__Your instructions__.
Print the data exactly. Omit the pictures.

__Dataset excerpt__.
====
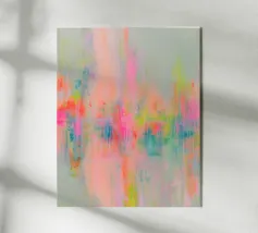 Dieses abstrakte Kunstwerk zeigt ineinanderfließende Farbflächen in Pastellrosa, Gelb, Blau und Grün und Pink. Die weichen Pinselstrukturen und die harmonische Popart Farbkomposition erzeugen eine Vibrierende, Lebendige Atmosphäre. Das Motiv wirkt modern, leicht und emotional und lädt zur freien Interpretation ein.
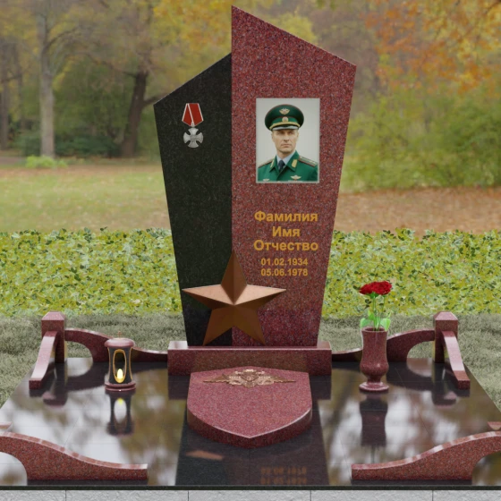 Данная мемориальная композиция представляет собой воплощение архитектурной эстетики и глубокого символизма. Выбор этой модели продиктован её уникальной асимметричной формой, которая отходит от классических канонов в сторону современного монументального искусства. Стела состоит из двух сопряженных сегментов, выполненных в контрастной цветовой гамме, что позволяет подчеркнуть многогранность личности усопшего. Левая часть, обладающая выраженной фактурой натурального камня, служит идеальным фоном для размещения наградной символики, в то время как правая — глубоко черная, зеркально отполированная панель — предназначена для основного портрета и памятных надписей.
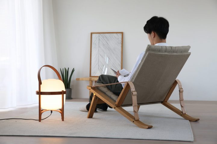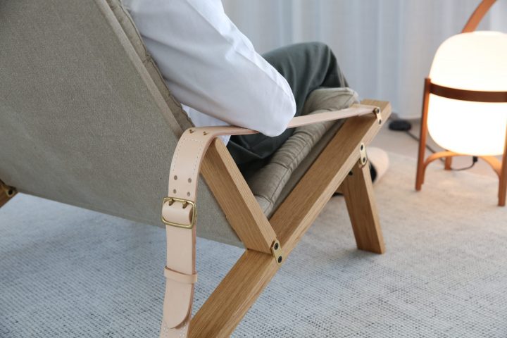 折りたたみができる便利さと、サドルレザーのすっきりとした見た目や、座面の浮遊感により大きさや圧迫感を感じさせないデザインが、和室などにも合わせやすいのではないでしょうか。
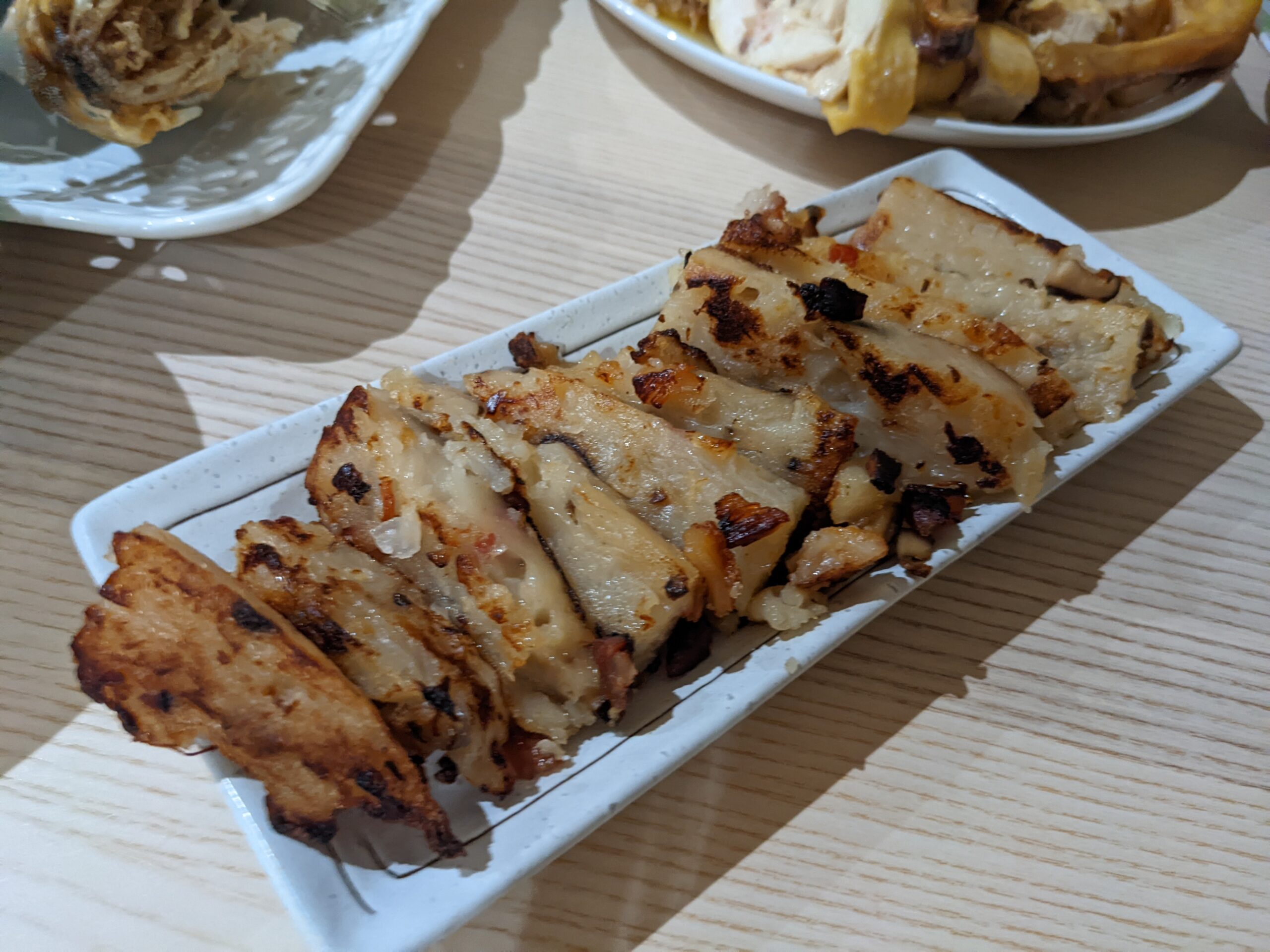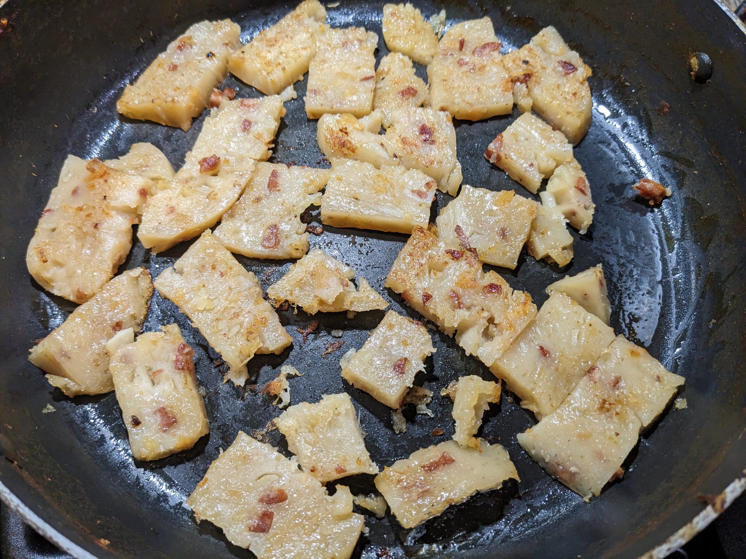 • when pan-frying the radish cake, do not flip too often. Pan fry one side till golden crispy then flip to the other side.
====
__Result for this exercise__.
 Dieses abstrakte Kunstwerk zeigt ineinanderfließende Farbflächen in Pastellrosa, Gelb, Blau und Grün und Pink. Die weichen Pinselstrukturen und die harmonische Popart Farbkomposition erzeugen eine Vibrierende, Lebendige Atmosphäre. Das Motiv wirkt modern, leicht und emotional und lädt zur freien Interpretation ein.
 Данная мемориальная композиция представляет собой воплощение архитектурной эстетики и глубокого символизма. Выбор этой модели продиктован её уникальной асимметричной формой, которая отходит от классических канонов в сторону современного монументального искусства. Стела состоит из двух сопряженных сегментов, выполненных в контрастной цветовой гамме, что позволяет подчеркнуть многогранность личности усопшего. Левая часть, обладающая выраженной фактурой натурального камня, служит идеальным фоном для размещения наградной символики, в то время как правая — глубоко черная, зеркально отполированная панель — предназначена для основного портрета и памятных надписей.
 折りたたみができる便利さと、サドルレザーのすっきりとした見た目や、座面の浮遊感により大きさや圧迫感を感じさせないデザインが、和室などにも合わせやすいのではないでしょうか。
 • when pan-frying the radish cake, do not flip too often. Pan fry one side till golden crispy then flip to the other side.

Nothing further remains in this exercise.